Mountain range in Vietnam

The Ba Vì mountain range (Tên Nôm: Núi Ba Vì, Chữ Nôm: 𡶀𠀧位; Tên chữ: Tản Viên Sơn, Chữ Hán: 傘圓山) is a soil-limestone mountain range in Vietnam. It covers an area of about 50 km^{2} in Ba Vì, Lương Sơn and Kỳ Sơn districts, Hòa Bình province. The Ba Vì mountain range is called "the lord of mountains" (núi chúa) in the Vietnamese folk religion although it is not the highest mountain range in Vietnam.
==History==
There are many peaks in this range, but the most famous one is Tản Viên Peak. Tản Viên mountain is 1,281 m high. In Vietnamese mythology, this mountain is the home of Tản Viên Sơn Thánh, the mountain god. However, the highest mountain in this range is Vua Peak (or King Peak), which is 1296 m in elevation. A shrine to President Ho Chi Minh is located at the summit of this mountain.

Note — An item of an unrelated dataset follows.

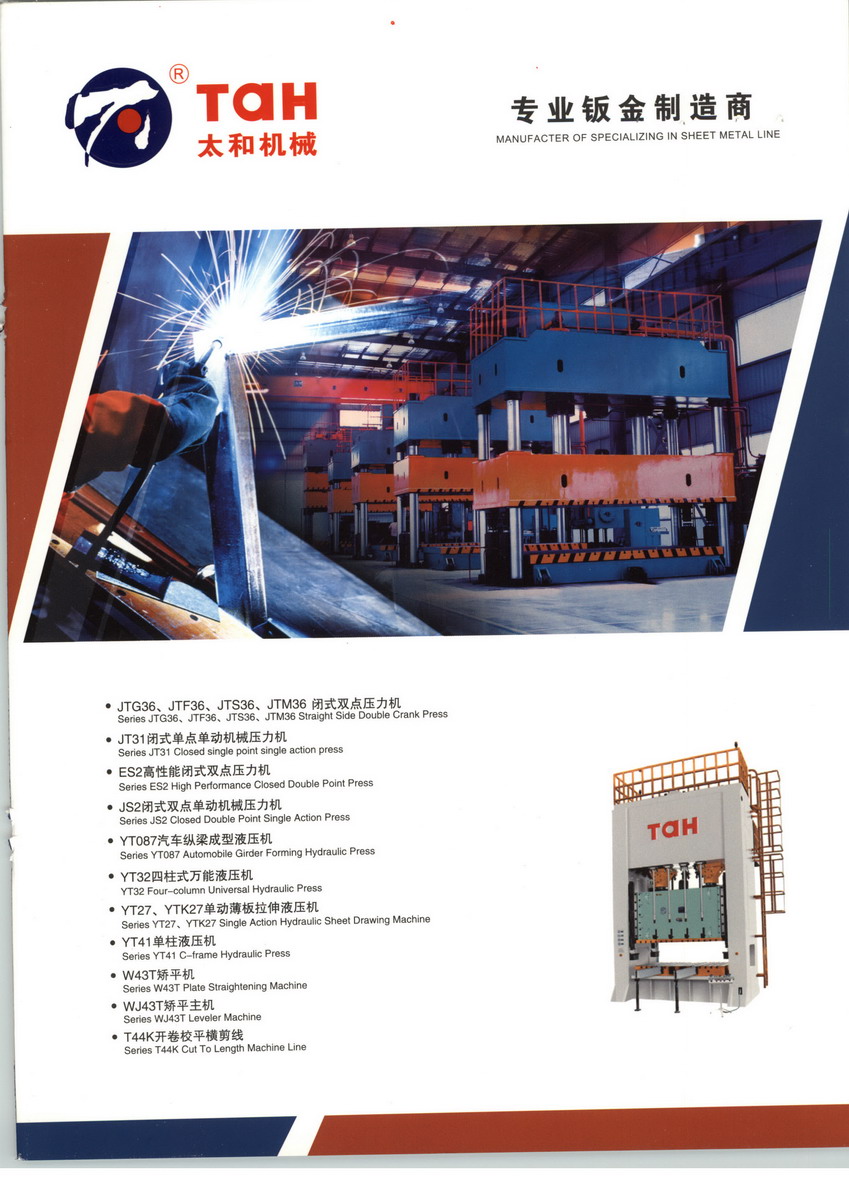 公司擁有自營進(jìn)出口權(quán),所有產(chǎn)品均獲出口許可證,生產(chǎn)的“太和牌”QC12K、QC12Y、Q11、QC11Y系列剪板機(jī);WC67K、WC67Y系列液壓數(shù)控折彎機(jī);W11S、W11卷板機(jī);THW24S型材彎曲機(jī)暢銷全國,遠(yuǎn)銷歐美,中東、南非、東南亞等三十多個國家和地區(qū)。

At the western foot of the Ba Vì mountain range is the Đà river, while at the eastern edge is an artificial lake called Suối Hai, which is 7 km in length and 4 km in width.

The Ba Vì mountain range is covered by primary forests. Ba Vì National Park is a reservoir of biodiversity.

The Ba Vì mountain range is a well-known ecological tourism region in northern Vietnam.